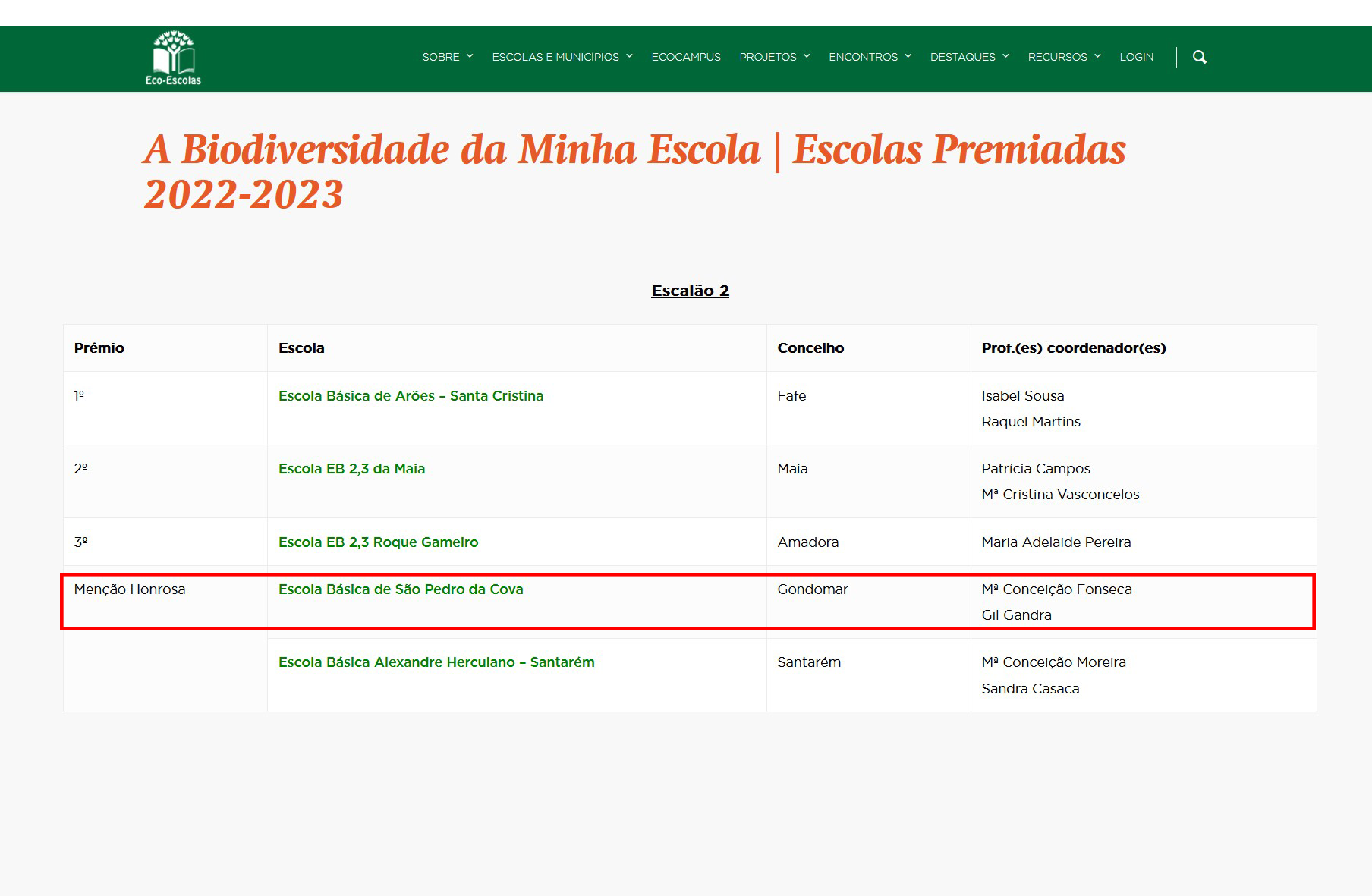 No âmbito do Programa Eco-Escolas, desenvolvido ao longo deste ano letivo, a Escola Básica de São Pedro da Cova congratula-se com uma menção honrosa.
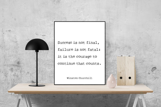 Winston Churchill Life Quote | Success Is Not Final | Modern Minimalist Art | Inspirational Print | Black & White | Office Decor Typewriter
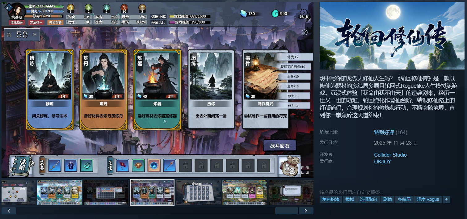 - 本作主打轮回式多周目,并且游戏含有超过10个主线结局和双修结局、多个流派以及困难模式,整体游戏时长在6-10个小时以上,大家可以自由选择天赋、搭配技能和法宝,尝试不一样的流派、人生和结局。
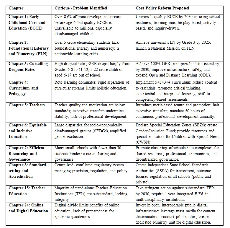 ദേശീയ വിദ്യാഭ്യസ നയത്തിന് മുന്നേ നടന്ന കേരളം, ഇന്ത്യയിലെ ഏറ്റവും മികച്ച വിദ്യാഭ്യാസ നിലവാരമുള്ള സംസ്ഥാനങ്ങളിലൊന്നായി കണക്കാക്കപ്പെടുന്ന കേരളം, 2020 ലെ ദേശീയ വിദ്യാഭ്യാസ നയം (NEP) എടുത്തുകാണിച്ച വെല്ലുവിളികളെ നേരിടുന്നതിൽ ഗണ്യമായ പുരോഗതി കൈവരിച്ചിട്ടുണ്ട്. എങ്കിലും സംസ്ഥാനം ഇപ്പോഴും നിരവധി വെല്ലുവിളികളിലൂടെ കടന്നുപോകുകയാണ്. 2020 ലെ NEP യിലെ ഓരോ അധ്യായത്തിലെയും വിമർശനങ്ങളുമായും നിർദ്ദിഷ്ട പരിഷ്കാരങ്ങളുമായും താരതമ്യപ്പെടുത്തുമ്പോൾ കേരളത്തിന്റെ അവസ്ഥ എന്താണെന്ന് നോക്കാം.
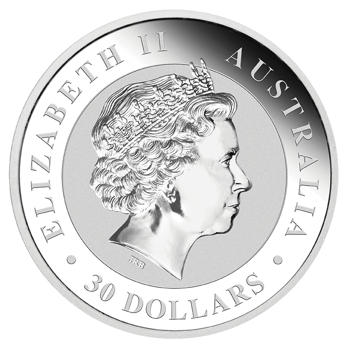 This huge 1KG Pure Silver Kookaburra coin issued from the Perth Mint depicts the native Kingfisher bird. The sheer size of the coin allows for impressive detail of the 2018 Kookaburra image on the reverse, and Queen Elizabeth II’s 5th portrait on the obverse. The coin has a face value of $AUD30.
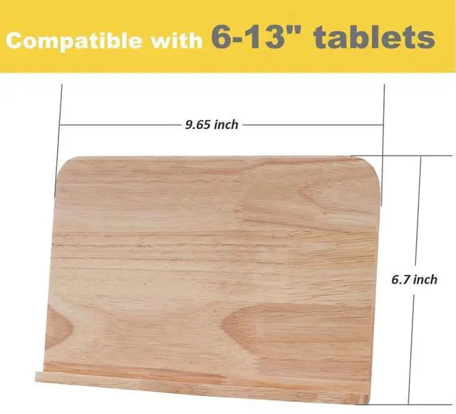 The MTWhirldy Wood tablet stands can free up your hands, multi-Angles for watching videos, drawing, browsing the web, video chatting and more. Working well with your devices in the office and home. ^^ Made of Natural wood Material - Rubberwood. Ergonomic design, Exquisite looking, full of the nature feeling. ^^ This iPad stand for desk is lightweight and portable, conveniently folding down when not in the using. ^^ Durable hard body ensures steady. Sturdy construction, Unique design, attractive wooden iPad stand. ^^ Universal compatible with iPad pro 12.9, iPad air mini, Samsung Galaxy Tab, Kindle Fire HD, Google Tablet and other 6-13 inch tablets or E-Reader.
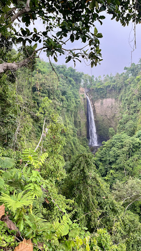 We read some comment about this waterfall saying it is for free. At the time of our visit it was 20.000 entrance fee which is fair because they installed a very lovely and well prepared path to a viewpoint (first picture). Everything is very new and well maintained. It is build into the nature. After the viewpoint to go down to the right side over a little wooden bridge before turning left and walking through the riverbed to the waterfall. Be careful: you have to walk through the river twice - but it was only about 20cm deep. The guides even accompanied us to the waterfall because it started to rain, they were so levely and helpful with information and taking pictures. We were the only ones there! Best part: they showed us some fruits we could eat and ginger roots right next to the path.
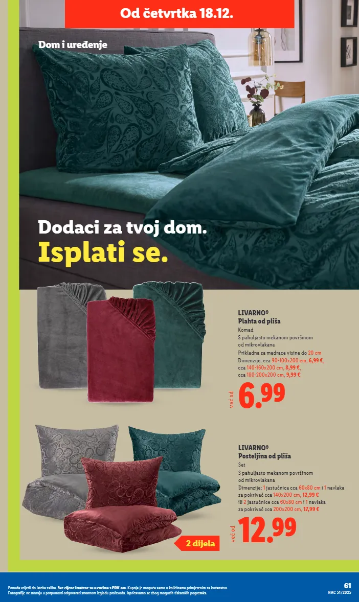 dom i uređenje 12.99 livarno® posteljina od pliša set s pahuljasto mekanom površinom od mikrovlakana dimenzije: 1 jastučnica cca 60x80 cm i 1 navlaka za pokrivač cca 140x200 cm, 12,99 € ili 2 jastučnice cca 60x80 cm i 1 navlaka za pokrivač cca 200x200 cm, 17,99 € 2 dijela 6.99 livarno® plahta od pliša komad s pahuljasto mekanom površinom od mikrovlakana prikladna za madrace visine do 20 cm dimenzije: cca 90-100x200 cm, 6,99 € , cca 140-160x200 cm, 8,99 € , cca 180-200x200 cm, 9,99 € već od već od od četvrtka 18.12. dodaci za tvoj dom. isplati se. 61 nac 51/2025 ponuda vrijedi do isteka zaliha. sve cijene izražene su u eurima s pdv-om. kupnja je moguća samo u količinama primjerenim za kućanstvo. fotografije ne moraju u potpunosti odgovarati stvarnom izgledu proizvoda. ispričavamo se zbog mogućih tiskarskih pogrešaka.
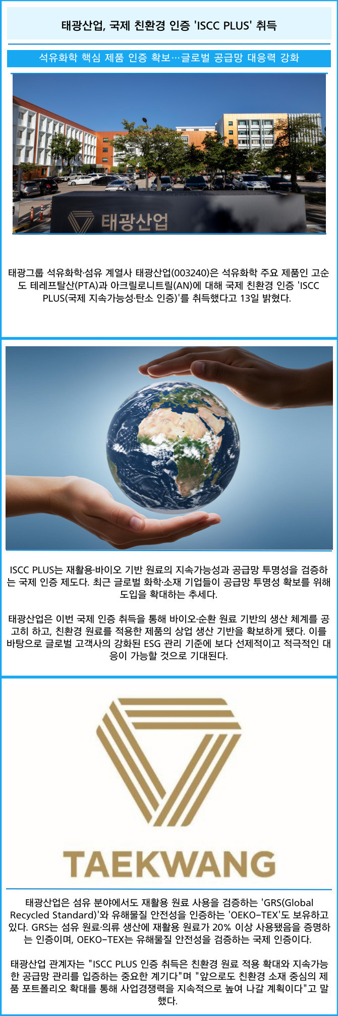 [프라임경제] 태광그룹 석유화학·섬유 계열사 태광산업(003240)은 석유화학 주요 제품인 고순도 테레프탈산(PTA)과 아크릴로니트릴(AN)에 대해 국제 친환경 인증 'ISCC PLUS(국제 지속가능성·탄소 인증)'를 취득했다고 13일 밝혔다.
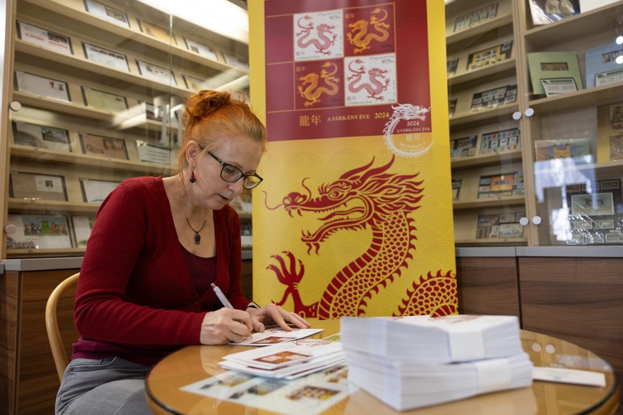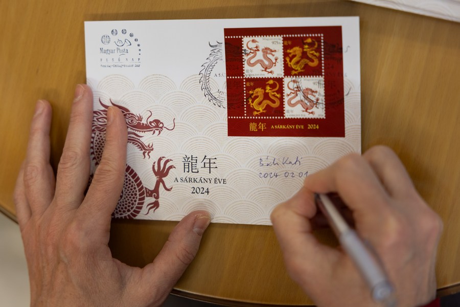 Katalin Bodi, the Hungarian designer of the Year of the Dragon commemorative stamp recently issued by the Hungarian Post, signs on a first-day cover with the stamps of the Year of the Dragon in Budapest, Hungary, on Feb. 7, 2024. (Photo by Attila Volgyi/Xinhua)

:::

Instructions to follow
The entries above need to be repeated in full, word for word. Skip the images.

Written answer
 No âmbito do Programa Eco-Escolas, desenvolvido ao longo deste ano letivo, a Escola Básica de São Pedro da Cova congratula-se com uma menção honrosa.
 Winston Churchill Life Quote | Success Is Not Final | Modern Minimalist Art | Inspirational Print | Black & White | Office Decor Typewriter
 - 本作主打轮回式多周目,并且游戏含有超过10个主线结局和双修结局、多个流派以及困难模式,整体游戏时长在6-10个小时以上,大家可以自由选择天赋、搭配技能和法宝,尝试不一样的流派、人生和结局。
 ദേശീയ വിദ്യാഭ്യസ നയത്തിന് മുന്നേ നടന്ന കേരളം, ഇന്ത്യയിലെ ഏറ്റവും മികച്ച വിദ്യാഭ്യാസ നിലവാരമുള്ള സംസ്ഥാനങ്ങളിലൊന്നായി കണക്കാക്കപ്പെടുന്ന കേരളം, 2020 ലെ ദേശീയ വിദ്യാഭ്യാസ നയം (NEP) എടുത്തുകാണിച്ച വെല്ലുവിളികളെ നേരിടുന്നതിൽ ഗണ്യമായ പുരോഗതി കൈവരിച്ചിട്ടുണ്ട്. എങ്കിലും സംസ്ഥാനം ഇപ്പോഴും നിരവധി വെല്ലുവിളികളിലൂടെ കടന്നുപോകുകയാണ്. 2020 ലെ NEP യിലെ ഓരോ അധ്യായത്തിലെയും വിമർശനങ്ങളുമായും നിർദ്ദിഷ്ട പരിഷ്കാരങ്ങളുമായും താരതമ്യപ്പെടുത്തുമ്പോൾ കേരളത്തിന്റെ അവസ്ഥ എന്താണെന്ന് നോക്കാം.
 This huge 1KG Pure Silver Kookaburra coin issued from the Perth Mint depicts the native Kingfisher bird. The sheer size of the coin allows for impressive detail of the 2018 Kookaburra image on the reverse, and Queen Elizabeth II’s 5th portrait on the obverse. The coin has a face value of $AUD30.
 The MTWhirldy Wood tablet stands can free up your hands, multi-Angles for watching videos, drawing, browsing the web, video chatting and more. Working well with your devices in the office and home. ^^ Made of Natural wood Material - Rubberwood. Ergonomic design, Exquisite looking, full of the nature feeling. ^^ This iPad stand for desk is lightweight and portable, conveniently folding down when not in the using. ^^ Durable hard body ensures steady. Sturdy construction, Unique design, attractive wooden iPad stand. ^^ Universal compatible with iPad pro 12.9, iPad air mini, Samsung Galaxy Tab, Kindle Fire HD, Google Tablet and other 6-13 inch tablets or E-Reader.
 We read some comment about this waterfall saying it is for free. At the time of our visit it was 20.000 entrance fee which is fair because they installed a very lovely and well prepared path to a viewpoint (first picture). Everything is very new and well maintained. It is build into the nature. After the viewpoint to go down to the right side over a little wooden bridge before turning left and walking through the riverbed to the waterfall. Be careful: you have to walk through the river twice - but it was only about 20cm deep. The guides even accompanied us to the waterfall because it started to rain, they were so levely and helpful with information and taking pictures. We were the only ones there! Best part: they showed us some fruits we could eat and ginger roots right next to the path.
 dom i uređenje 12.99 livarno® posteljina od pliša set s pahuljasto mekanom površinom od mikrovlakana dimenzije: 1 jastučnica cca 60x80 cm i 1 navlaka za pokrivač cca 140x200 cm, 12,99 € ili 2 jastučnice cca 60x80 cm i 1 navlaka za pokrivač cca 200x200 cm, 17,99 € 2 dijela 6.99 livarno® plahta od pliša komad s pahuljasto mekanom površinom od mikrovlakana prikladna za madrace visine do 20 cm dimenzije: cca 90-100x200 cm, 6,99 € , cca 140-160x200 cm, 8,99 € , cca 180-200x200 cm, 9,99 € već od već od od četvrtka 18.12. dodaci za tvoj dom. isplati se. 61 nac 51/2025 ponuda vrijedi do isteka zaliha. sve cijene izražene su u eurima s pdv-om. kupnja je moguća samo u količinama primjerenim za kućanstvo. fotografije ne moraju u potpunosti odgovarati stvarnom izgledu proizvoda. ispričavamo se zbog mogućih tiskarskih pogrešaka.
 [프라임경제] 태광그룹 석유화학·섬유 계열사 태광산업(003240)은 석유화학 주요 제품인 고순도 테레프탈산(PTA)과 아크릴로니트릴(AN)에 대해 국제 친환경 인증 'ISCC PLUS(국제 지속가능성·탄소 인증)'를 취득했다고 13일 밝혔다.
 Katalin Bodi, the Hungarian designer of the Year of the Dragon commemorative stamp recently issued by the Hungarian Post, signs on a first-day cover with the stamps of the Year of the Dragon in Budapest, Hungary, on Feb. 7, 2024. (Photo by Attila Volgyi/Xinhua)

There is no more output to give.